• Exercise description:
An exact transcription of every entry is required. Images are not part of it.

*** Opening of Dataset content ***

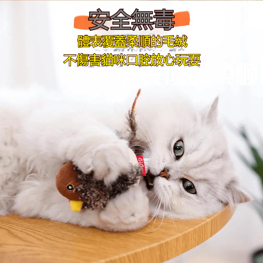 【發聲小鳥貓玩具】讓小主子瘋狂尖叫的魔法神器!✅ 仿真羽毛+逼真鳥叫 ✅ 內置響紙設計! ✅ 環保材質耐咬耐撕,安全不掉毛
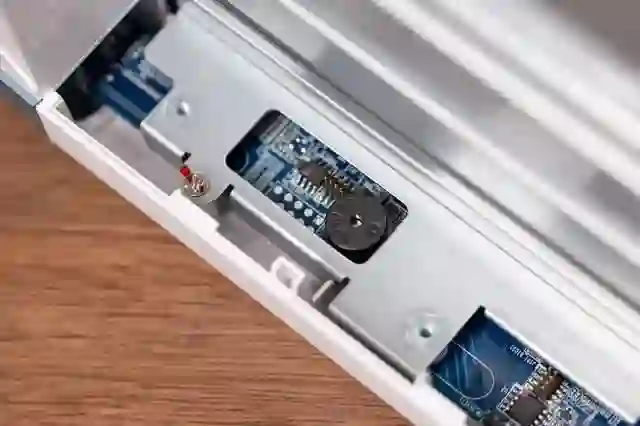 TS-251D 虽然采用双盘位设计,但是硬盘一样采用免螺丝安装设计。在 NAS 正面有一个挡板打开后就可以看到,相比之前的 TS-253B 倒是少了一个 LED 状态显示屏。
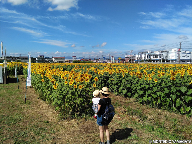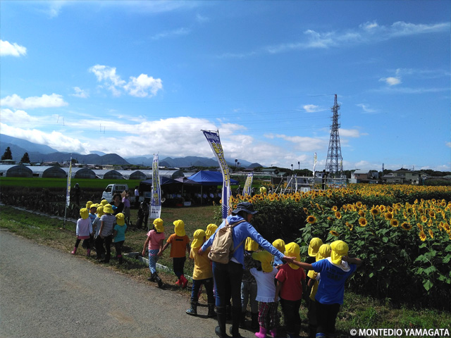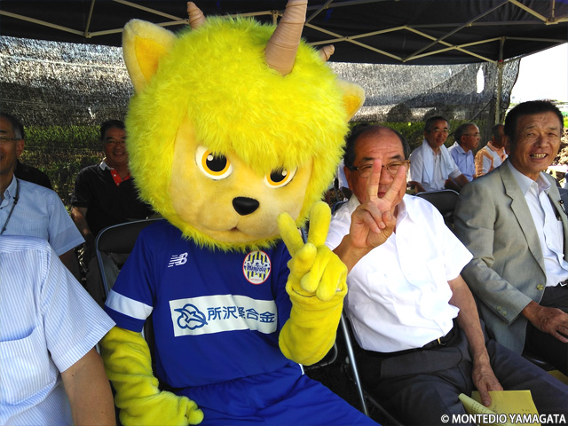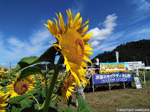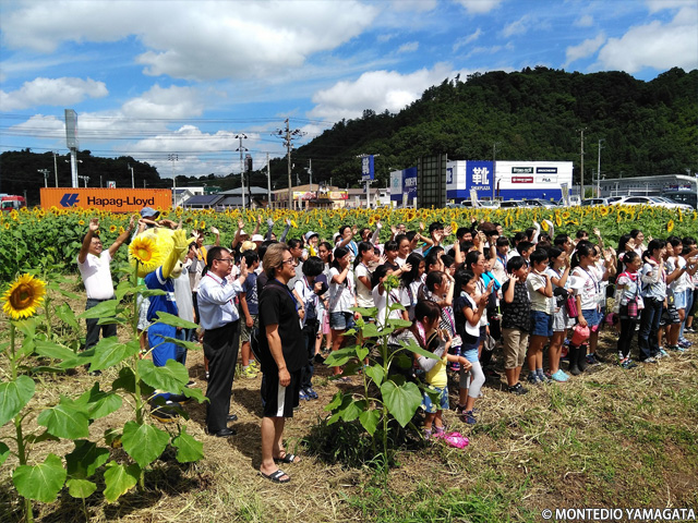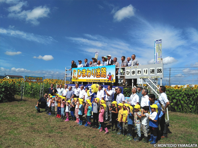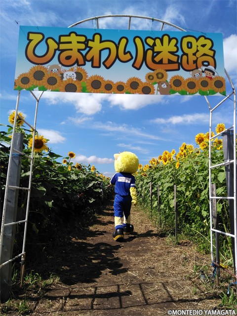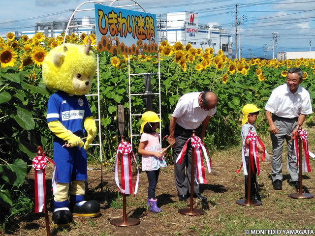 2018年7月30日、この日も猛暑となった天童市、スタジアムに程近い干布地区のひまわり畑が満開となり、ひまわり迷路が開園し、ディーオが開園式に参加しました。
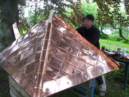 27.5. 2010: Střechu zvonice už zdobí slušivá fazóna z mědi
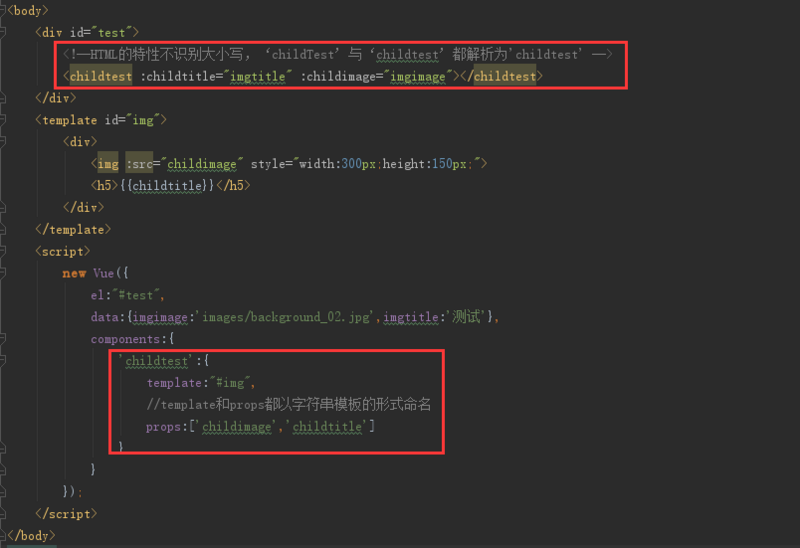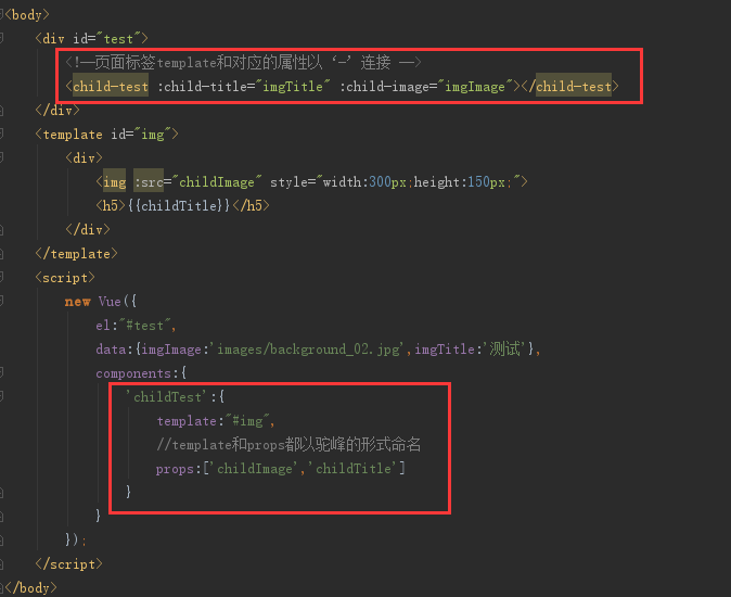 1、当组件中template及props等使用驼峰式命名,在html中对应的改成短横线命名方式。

*** Close of Dataset content ***

• Completed task:
 【發聲小鳥貓玩具】讓小主子瘋狂尖叫的魔法神器!✅ 仿真羽毛+逼真鳥叫 ✅ 內置響紙設計! ✅ 環保材質耐咬耐撕,安全不掉毛
 TS-251D 虽然采用双盘位设计,但是硬盘一样采用免螺丝安装设计。在 NAS 正面有一个挡板打开后就可以看到,相比之前的 TS-253B 倒是少了一个 LED 状态显示屏。
 2018年7月30日、この日も猛暑となった天童市、スタジアムに程近い干布地区のひまわり畑が満開となり、ひまわり迷路が開園し、ディーオが開園式に参加しました。
 27.5. 2010: Střechu zvonice už zdobí slušivá fazóna z mědi
 1、当组件中template及props等使用驼峰式命名,在html中对应的改成短横线命名方式。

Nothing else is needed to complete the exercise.